ReplaceAllUsesWith. It can be used to substitute any one Value for another (except that on a Constant, replaceUsesOfWithOnConstant should be used instead).

For example, given:

   %x = add i32 %i, 0

an optimization would call %x->RAUW(%i).

Nick

Jonathan Brandmeyer wrote:

It might work for the IR construction phase, but not for optimization
and emitting object code. The locking issue is going to be severe
because it will be nearly (completely?) impossible to guarantee a
globally consistent lock order for any given def/use chain. Therefore,
such a solution would require a kind of high-level contention manager
akin to software transactional memory (STM). Even the fastest STMs in
research are much slower than locking. I think that there is a better
way.

We in the TM community are always looking for "real-world" applications that can benefit from TM for benchmarking purposes. In the past we have found that unstructured graph and worklist algorithms are a prime example where TM can really help.

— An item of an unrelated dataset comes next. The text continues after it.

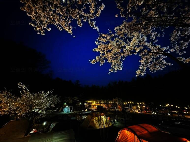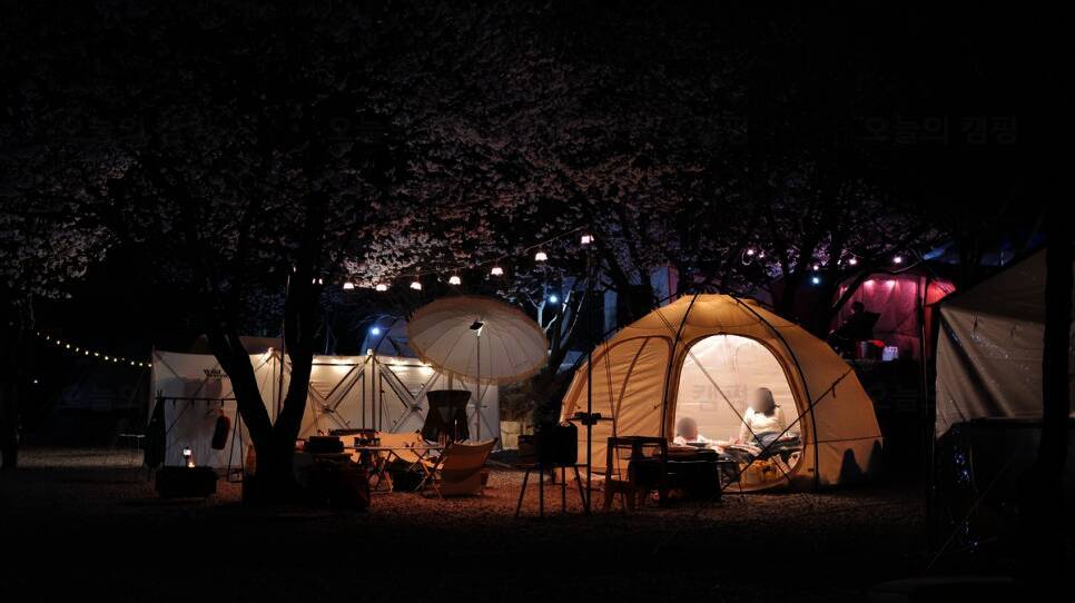플라워 제품으로 벚꽃 캠핑 조명 연출 후기 인천대공원 캠핑장...

If you can provide a reference I would be interested in looking at the code inside LLVM for transformation/codegen passes that result in the problems that you describe.

-Luke

> > What about "inventing" pseudo-constants (which point to the right
> > thing) and build the piece of IR with them. When done, grab mutex and
> > RAUW it in. Alternatively, submit to a privileged thread that performs
> > the RAUW.
> > The trick is to prepare the def/use chain(s) to a degree that the
> > mutex is only held a minimal time. If only IR-builder threads are
> > running concurrently there is no danger that a real constant vanishes,
> > leaving behind a stale reference from a pseudo-constant.

> That could work. It would also have to be done for global values as
> well, and inline asm objects etc. However, I don't see any show-
> stoppers. The implementation could be tricky, but a nice property of
> your approach is that the single threaded case could be made
> particularly fast (instead of doing atomic ops or locking always).

It might work for the IR construction phase, but not for optimization
and emitting object code. The locking issue is going to be severe

When optimization is done, you can certainly go on and emit code
in parallel for many functions. Since the IR is not mutated any
more, nothing needs to be locked. I believe the SDGraphs can be
isolated from each other. But Dan may know better...

Cheers,

    Gabor

> I am interested in making my LLVM front-end multi-threaded in a way
> similar to the GCC compiler server proposal and was wondering about
> the
> extent that the LLVM passes support it.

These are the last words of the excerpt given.